Ellis Island, Examination Hall
Immigration reform is a civil rights issue – perhaps the most pressing civil rights issue of the 21st century.
But we can not deal with immigration reform successfully if we pit American worker against immigrant worker, Black against Latino, liberal against conservative.
Obviously, any reform should consider the impact of immigration on workers already here. However, it is disingenuous to insinuate – as many anti-immigrant folks do -- that treating immigrants humanely automatically means we are mistreating native-born workers.
Low-wage indigenous workers and immigrant workers historically are played off against one another – usually by people in power who are neither. Every immigrant group that came to the United States was pitted against those at the bottom of the nation’s economic ladder, most of whom were Black.
But we should not repeat past behavior by treating the problem as an either/or proposition.
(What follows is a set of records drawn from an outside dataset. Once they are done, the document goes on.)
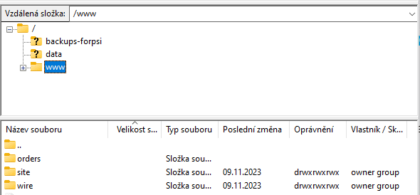 Script si nahráme na hosting. Môžeme to urobiť napríklad pomocou programu FileZilla. Nahráme priečinok Orders do priečinka /www.
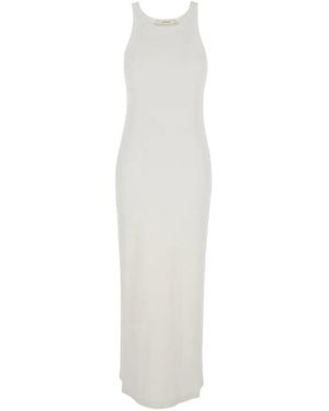Long Dress Ribbed Sleeveless With Round Neckline And Pleated Details - Natural
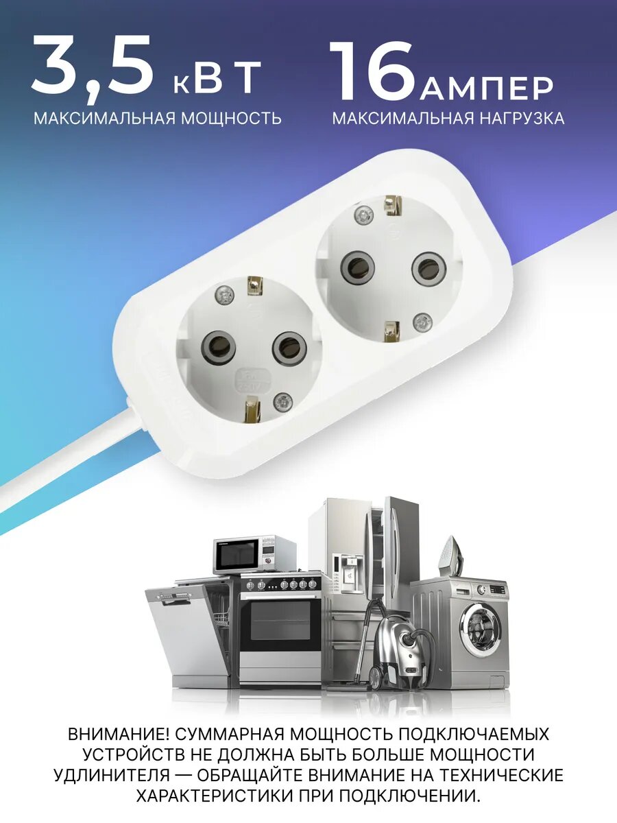 Удлинитель 3 розетки, 5 м, 6 А, 1300 Вт, ШВВП 2х0.5 мм2, без з/к, белый 5350219
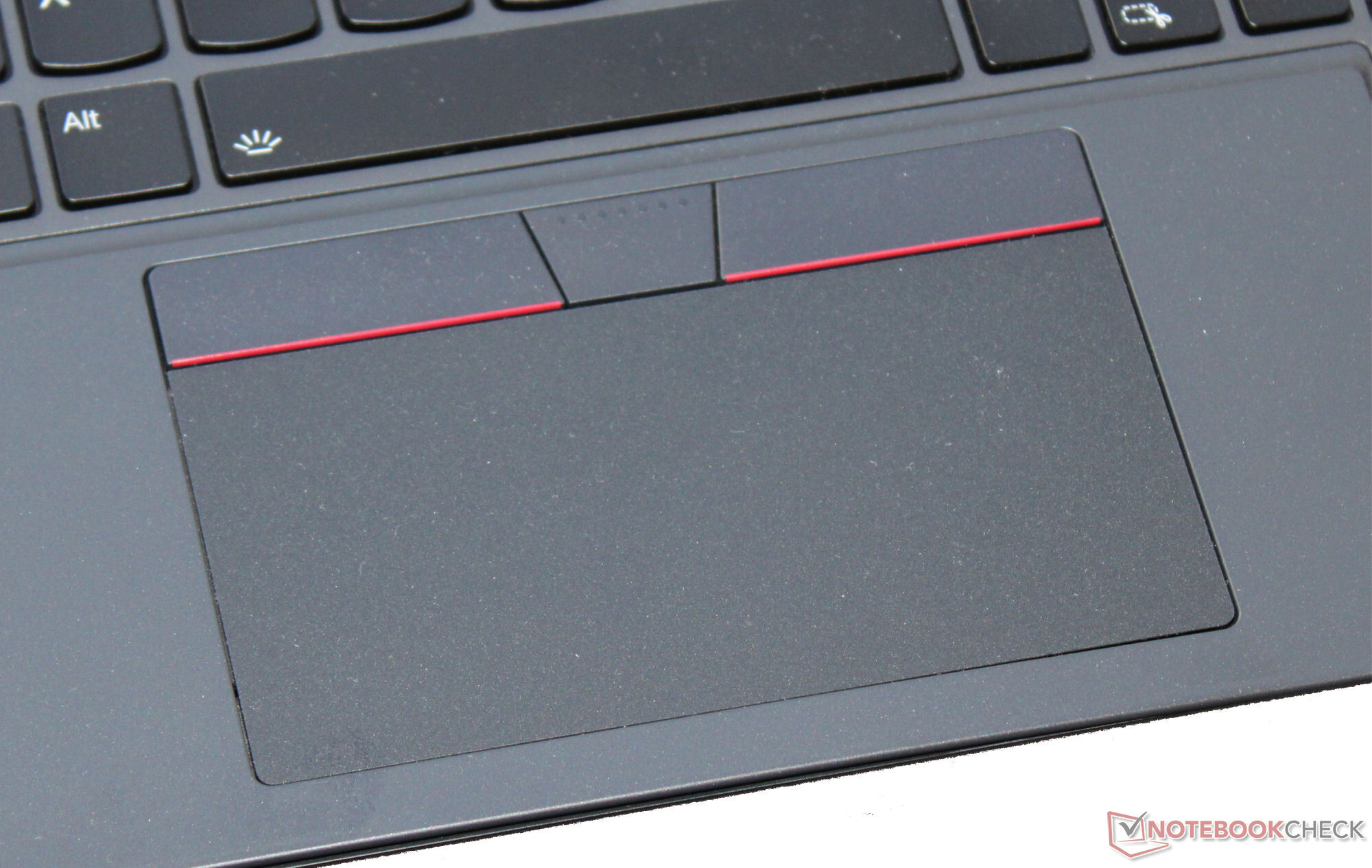 Una almohadilla de clic, que mide aproximadamente 4,52 x 2,20 pulgadas, sirve como sustituto principal del ratón con un recorrido corto y un punto de presión claro. El trackpoint, también disponible, permite un control más preciso del puntero del ratón. Los tres botones de ratón de recorrido suave que la acompañan proporcionan un punto de presión claro.
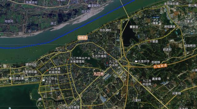 下面是江西省九江市的市區,可以看到九江火車站的位置,它位于九江市的中間,隔著長江就是黃梅縣。
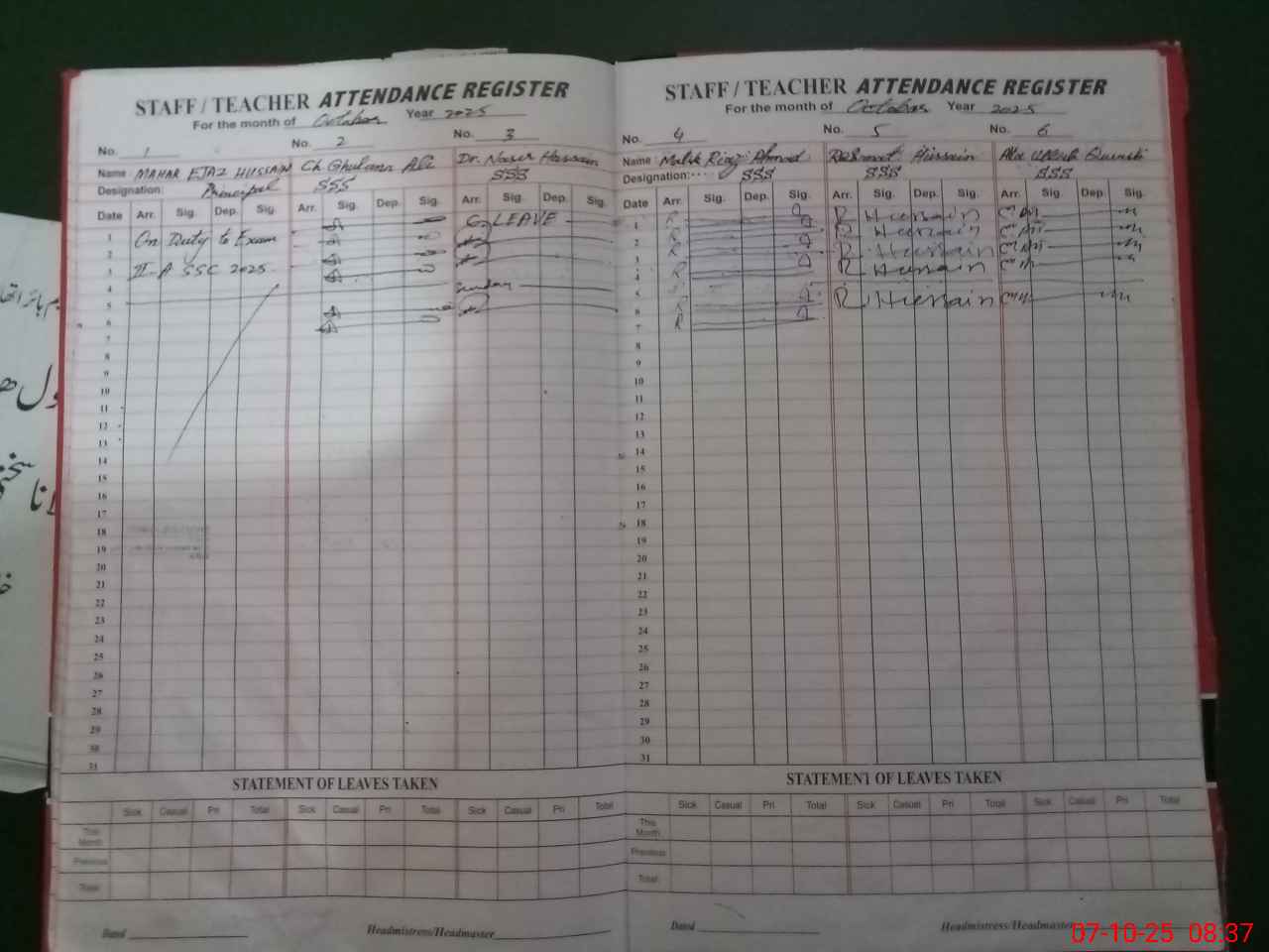 | Remarks (Use Separate Page if Required): SST ATTA ULLAH QURAISHI ARRIVED AT 0832 AM SSS REHMAT HUSSAIN ARRIVED AT 0900 AM SO AS PER SOP MARKED ABSENT SSS MUHAMMAD SHARIF MARKED ON ADMINISTRATOR DUTY BUT DUTY ORDERS NOT AVAILABLE SO MARKED ABSENT STUDENTS ATTENDENCE LIST OF PREVIOUS SESSION | |||||
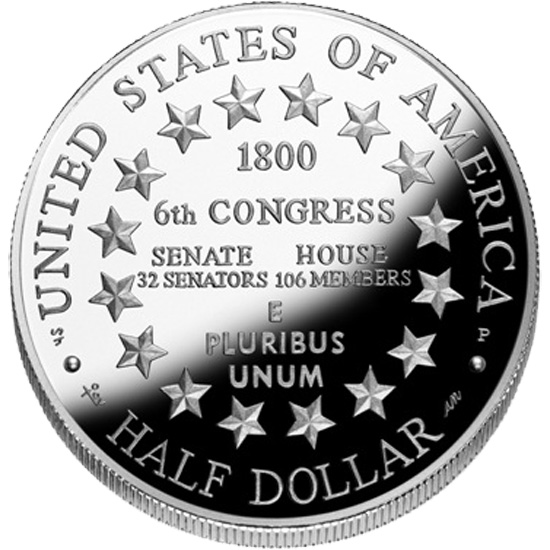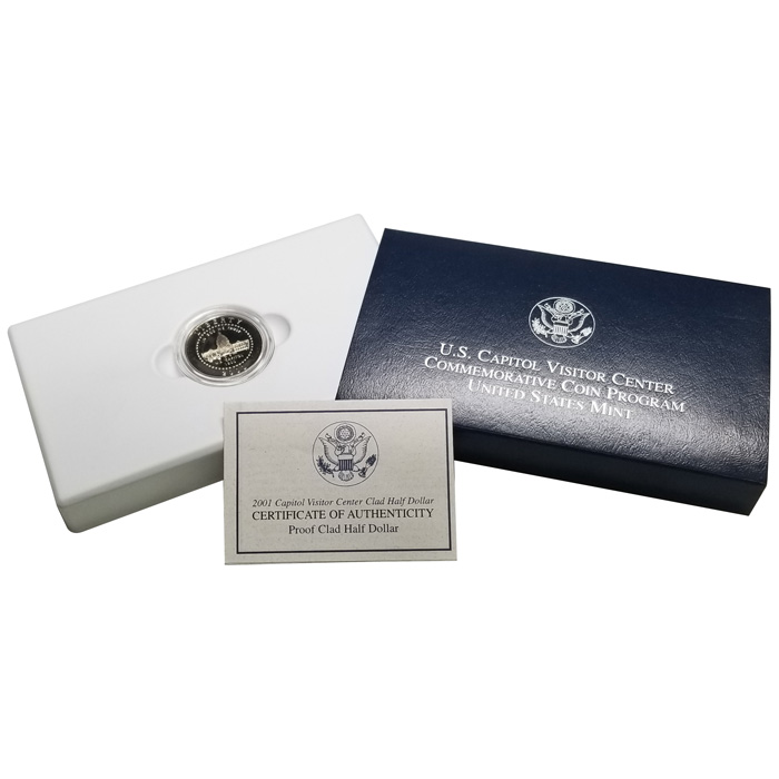 The 2001 Capitol Visitor Center Proof Clad Half Dollar, struck in accordance with legislation passed by Congress and signed by President William J. Clinton on December 6, 1999, as Public Law 106-126.  This coin has been produced by the Department of the Treasury, United States Mint to commemorate the first convening of the Congress in the Capitol building.
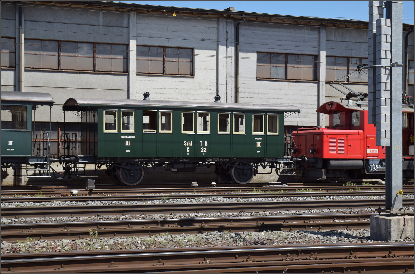 "Le Chablais en fête" bei der Blonay Chamby Bahn. Die Eröffnung des ersten Teilstückes der Bex - Villars vor 125 Jahren, sowie die vor 80 Jahren erfolgte Fusion einiger Strecken im Chablais war der Anlass zum diesjährigen Herbstfestivals "Le Chablais en fête. Als besondere Attraktion zeigt sich der ASD BCFe 4/4 N° 1 "TransOrmonan" der TPC mit seinem B 35 als Gastfahrzeug. Das Bild zeigt den 1913 gebauten und 1940 umgebauten BCFe 4/4 N° 1 beim Rangieren in Blonay.
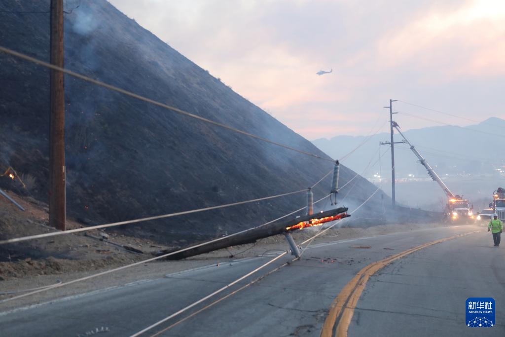 1月22日,在美国加利福尼亚州洛杉矶县卡斯泰克市的一座山丘上,电线杆因山火受损。
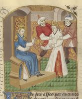 Parigi, Bibliothèque de l'Arsenal, 5192, f. 323r. L'imperatore Isacco Angelo viene accecato per mezzo di uno specchio.
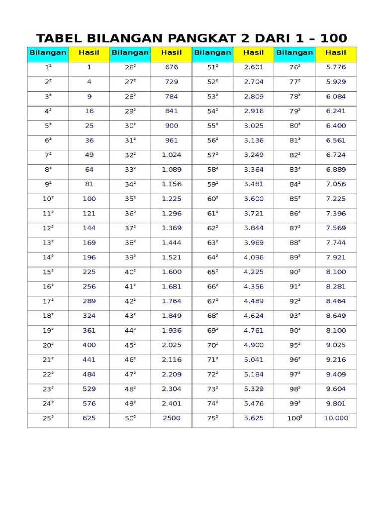 Untuk diatas hanya contoh. 2 2 4 3 2 9 4 2 16 5 2 25 6 2 36 7 2 49 8 2 64 9 2 81 10 2 100. Contoh akar pangkat dua dari 64 adalah 8. Dan inilah yang harus dihafal.
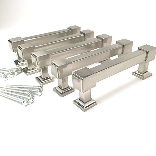 Southern Hillsつや消しニッケルキッチンキャビネット引き出しPulls、4インチねじ間隔、5のハンドルの(パック)、サテンニッケルPulls shkm010-sn-5
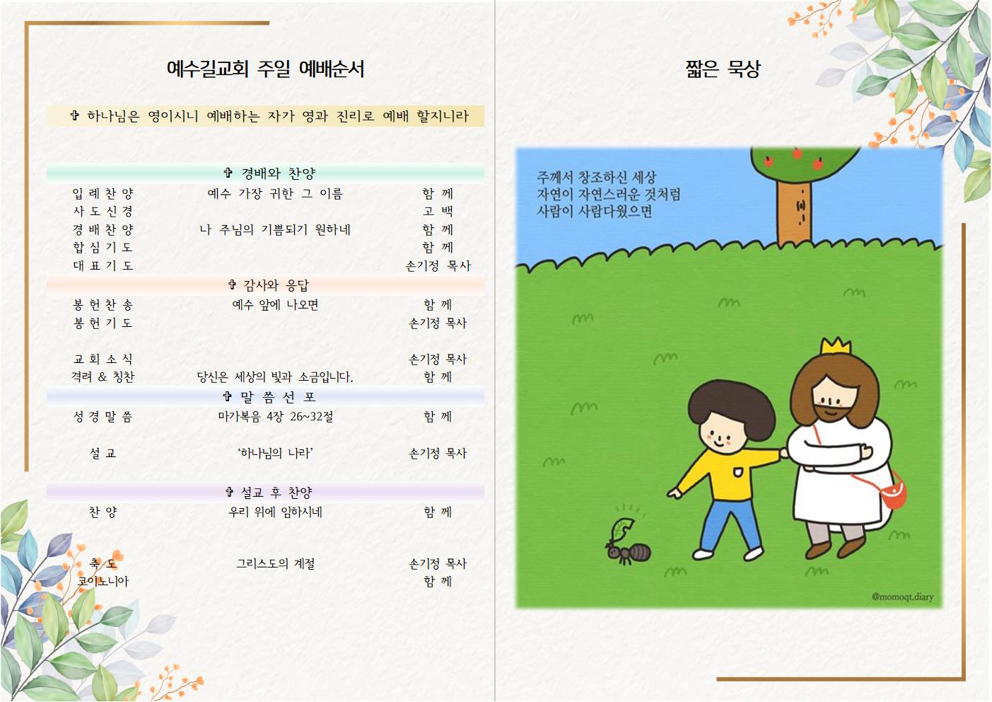 | 2023년 3월 5일 주일예배 주보 (0) | 2023.03.05 |

Our immigration laws can be and should be reformed with the best interests of all in mind.
The reality is that all low-wage workers are exploited. And for a nation that struggled in its commitment to ensuring civil rights for all, it is time that we stop looking at immigrants as them and start looking at them as us.
Immigrants are not free labor to be exploited. Similarly, immigrants do not come here to use up resources, vote in elections, and commit felonies. We must not fall for the bait and switch. Most immigrants work hard for very little and often send money to their home countries by way of support.
The civil rights community – black, brown, Asians, and Native Americans – want to make sure that the discussion around immigration reform includes all workers, both immigrant and homegrown.
Doing so is the first step toward fixing the problem in a humane way that benefits the nation as a whole.